Python Count comma delimited list based on if row in other column equals x-CodePudding

I have a data set of two columns where when columnA = 1 then in ColumnB I want to count the number of occurrences of x that is comma delimited

Sample data set that is within an excel file

columnA    columnB
1          x,a,b,c
2          d,e,g
3          a,r,x
4          y,x,o,a

What I've tried

if any ('1' in str(x) for x in excel_file['columnA']):
    count = excel_file['columnB'].astype(str).str.contains('x').value_counts()[True]
else:
    count = 0

This does get me the number of occurrences of x but it gets me all occurrences and not only when columnA is equal to 1 in the same row.

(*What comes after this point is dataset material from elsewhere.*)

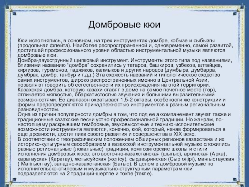 (продольная флейта). Наиболее распрострраненной и, одновременно, самой развитой, достигшей профессионаьного уровня областью инструментальной музыки являются домбровые кюи.
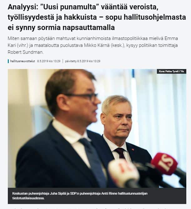 Voisiko se olla henkilötason liima? Ihan heti tämäkään ei tunnu ilmeiseltä. Luottamus on siis rakennettava. Ja siinä on kova savotta. Onnea yritykselle ja pidetään peukkuja sekä toivotaan, ettei yhtäkkiä huomatakaan, että maassa kaikki jatkuu kuten ennen vaaleja: Kokoomus, Perussuomalaiset ja Keskusta voivat astua uudistuneena uuteen liittoon.: Rinne Keskusta valitsemalla on pessyt heidän pyykkinsä ja lakaissut nykypääministerin Juha Sipilän synnit maton alle.

I know in excel it could be written as countifs=(columnA, "1", columnB, "*x*") but can't seem to find a similar way of doing this within python

Any help would be greatly appreciated!

CodePudding user response：

While waiting for more completed sample data and expected outcome, I'd provide my preliminary answer:

Assuming this is how your data look:

import pandas as pd
data = [[1, ['x', 'a', 'b', 'c']], [2, ['d', 'e', 'g']], [3, ['a', 'r', 'x']], [4, ['y', 'x', 'o', 'a']]]
excel_file = pd.DataFrame(data, columns=['columnA', 'columnB'])

Usually, I'd do your task with a for loop by row:

for idx, row in excel_file.iterrows():
    if row['columnA'] == 1:
        count = 0
        for item in row['columnB']:
            if item == 'x':
                count  = 1
        print('Row', idx, 'has', count, 'occurrence(s) of x')

CodePudding user response：

Looks like this was actually able to be solved pretty easily using len.

filter = excel_file[excel_file['columnA'].astype(str).str.contains('1')
filter_2 = len([filter[filter['columnB'].astype(str).str.contains('x')])

I had tried something similar earlier but I think separating it out into multiple functions rather than one was able to solve this pretty easily.

Thanks Yee for trying to provide an answer!